PROBLEM DETAILS: Without the pictures, repeat the listing character for character.

STORED DATA:
-*-

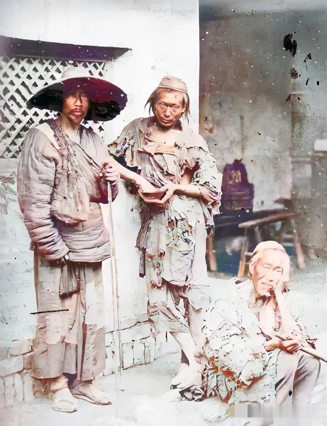 这是一群讨饭的乞丐,他们枯瘦如柴,衣衫褴褛似枯草挂身。深陷的眼窝藏着饥饿与绝望,哆哆嗦嗦伸端着破碗,在烈日中哀求,只为一口吃食,熬过苦难的一天。
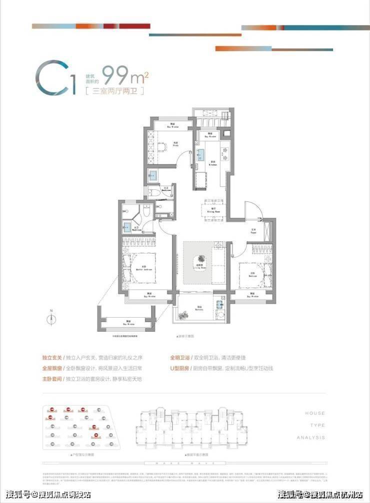 建面约89㎡三房,三开间朝南+双飘窗设计,U型厨房与干湿分离卫浴兼顾功能与美学;
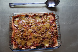 تصف في صينية خبز حتى تنتهي الكميه ، يوضع عليها صلصلة الطماطم التي أعددناها وآخيرا رشه من جبن الشيدر
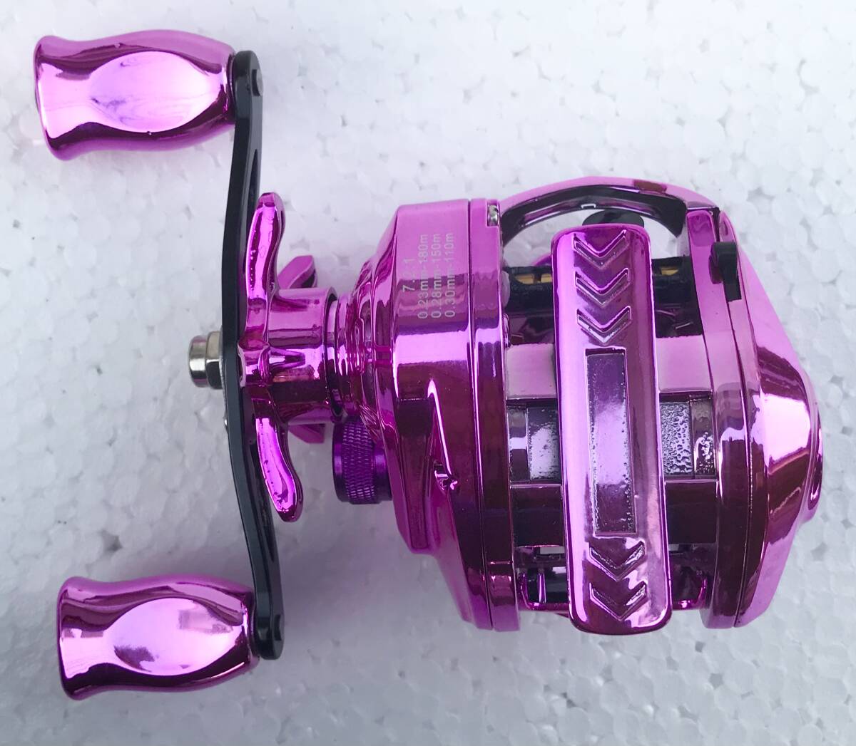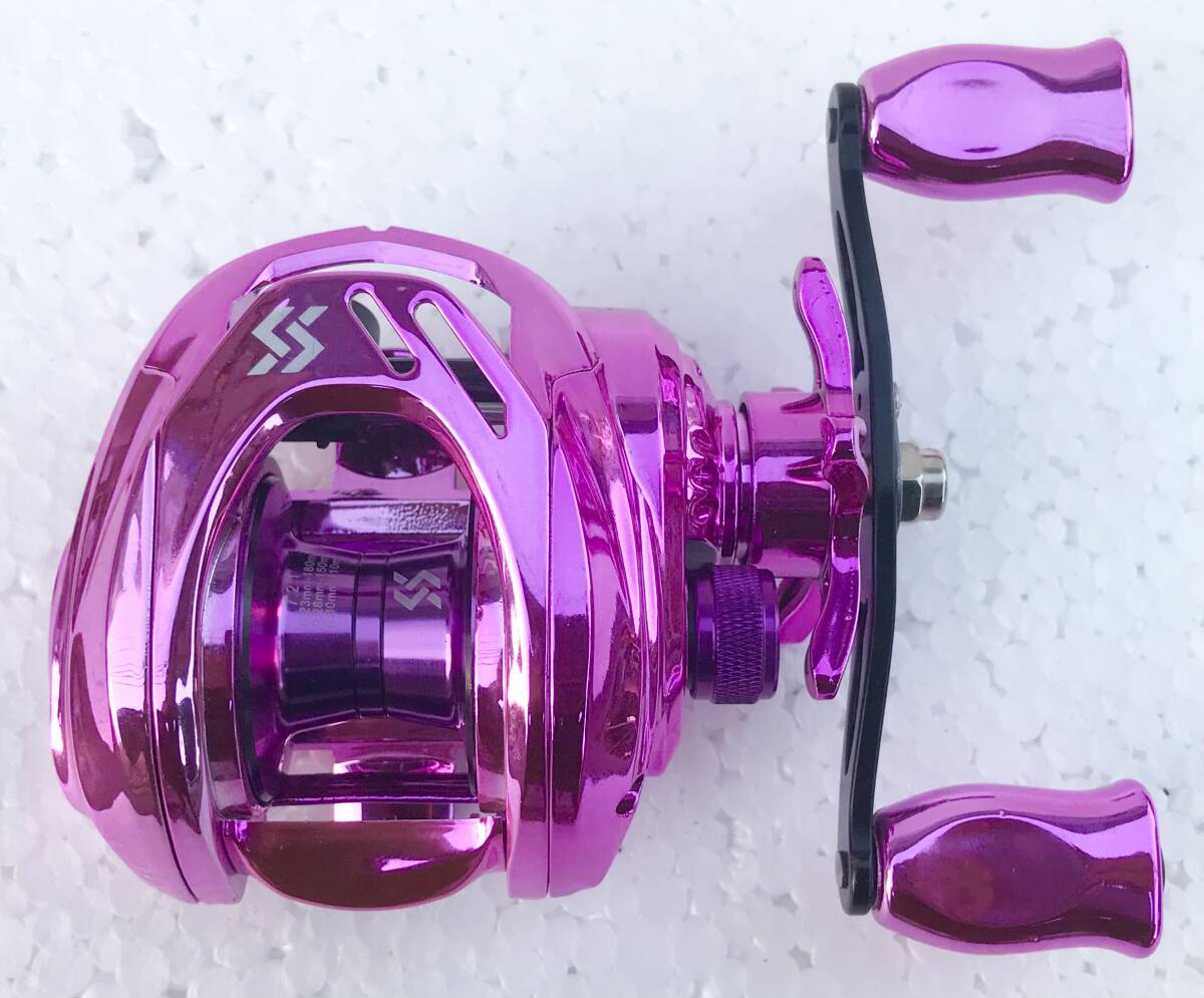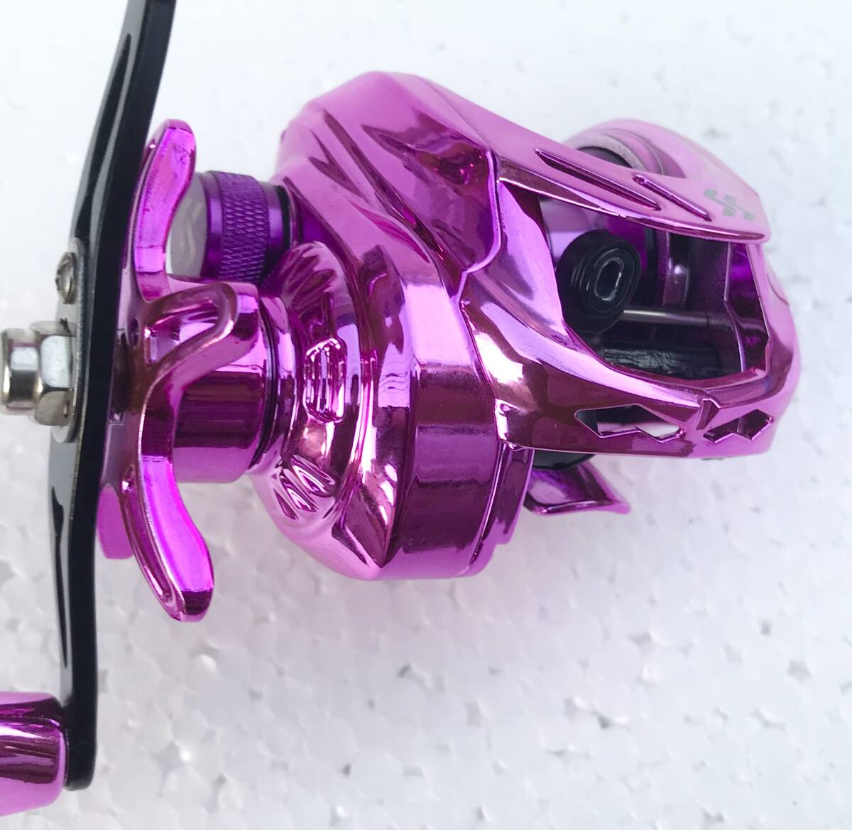 写真のSOUGAYILANGベイトキャスティングリール スペシャルカラークロームピンクメタリック右ハンドル(新品未使用)を発送します(送料無料)。

-*-

WRITTEN SOLUTION:
 这是一群讨饭的乞丐,他们枯瘦如柴,衣衫褴褛似枯草挂身。深陷的眼窝藏着饥饿与绝望,哆哆嗦嗦伸端着破碗,在烈日中哀求,只为一口吃食,熬过苦难的一天。
 建面约89㎡三房,三开间朝南+双飘窗设计,U型厨房与干湿分离卫浴兼顾功能与美学;
 تصف في صينية خبز حتى تنتهي الكميه ، يوضع عليها صلصلة الطماطم التي أعددناها وآخيرا رشه من جبن الشيدر
 写真のSOUGAYILANGベイトキャスティングリール スペシャルカラークロームピンクメタリック右ハンドル(新品未使用)を発送します(送料無料)。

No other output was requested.